Wednesday, April 14, 2010

Paying for College

Students, parents and grandparents find paying for a college education as ‘the’ most expensive investment they will ever face. Education costs have escalated at a higher rate than health care. Eventually, unless something isn’t done to reign in the madness, higher education will only be available to the children of the wealthy.

It is around this time of year I get a few calls from clients asking how they can pay for their child’s or grandchild’s college and then they mention that we need to get creative finding the money.

This is what I recommended for my grandson. If you start early enough I’ve always favored the Michigan Education Trust, MET, as the only real guaranteed way of paying for a college education. The MET is sponsored by the state of Michigan and information can be found on the state’s web site. Basically you pay for the college education at a discount, almost like buying a zero coupon bond that matures in the future. If the college costs are $40,000 it may cost someone when the child’s in knee pants $10,000 paid into the plan over a few years. It’s a neat, no fuss way to get a paid in full college education. The problem is folks don’t start thinking of funding a college plan until their child is a few years away from the Ivy Halls. I think a great many parents, who start college savings late, are of the mind that their kid is either going to prison or college and they just want to make sure which way he or she is heading before they commit any dollars.

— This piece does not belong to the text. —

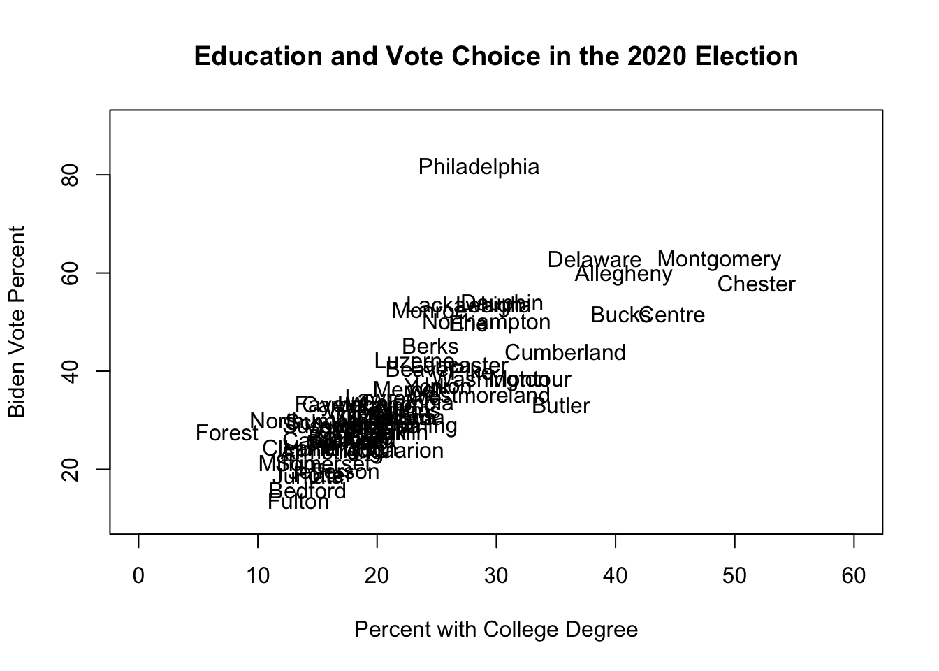 There is a clear, positive, relationship between the percent of people in a county with a college degree and the percent of votes that went to Biden in the 2020 election. In particular, there is a cluster of highly educated (mostly suburban) counties that also voted strongly for Biden. The one outlier to this relationship is Philadelphia: it is middle of the pack in terms of education, but is far-and-away the most Biden-voting county.

Trust me, the MET is the best you’re going to get if you start early. It gets pricier as the kid gets closer to college; but it never gets where you need 100 cents on the dollar.

On the other side of the street stock brokers, mutual fund salespeople and insurance agents favor the 529 Plan where an account is established for the kid and investments are managed by the parent or broker through mutual funds. The problem with the 529 Plan is that, as everyone found out too late a year ago, markets collapse without warning and so goes the college fund. The reality is that college costs increase at a 10% annualized rate and historically no one I know has been able to consistently match that cost increase each and every year with matching investment results. Broker and their ilk still love the 529 ‘cause it pays them a commission when they sell it to someone and they have kids of their own, you know.

Other places for college money, outside of grants and loans, are to borrow on the equity of the home but few families today have sufficient equity to borrow against. If you have a retirement plan at work you may borrow against a 401k, the maximum loan is $50k or 50% of the account value and interest is paid back to the owner’s own account over a five year period of time.

Cashing in a portion or all of an IRA also works and if the owner is under  59 1/2 and uses the funds for college education there is no penalty but there are income taxes to be paid. There is an IRS form you need to complete and attach as part of your income tax to show what the money was used for so you do not pay the penalty.

Still there are other ways of paying for college if you start early enough. The most prudent has always been the joint account investment plan that allows the parents to save money and use the assets if they child or children decide to go to college. If the kids decide not to go to college the money is available for retirement, a child’s wedding or a future college plan for a grandchild.

There are tax credits and benefits available but you have to call your accountant to get that information. The one thing you can do if starting late is make a plan, commit a fixed amount of dollars and at the worst demand the child pay for some of the cost along the way.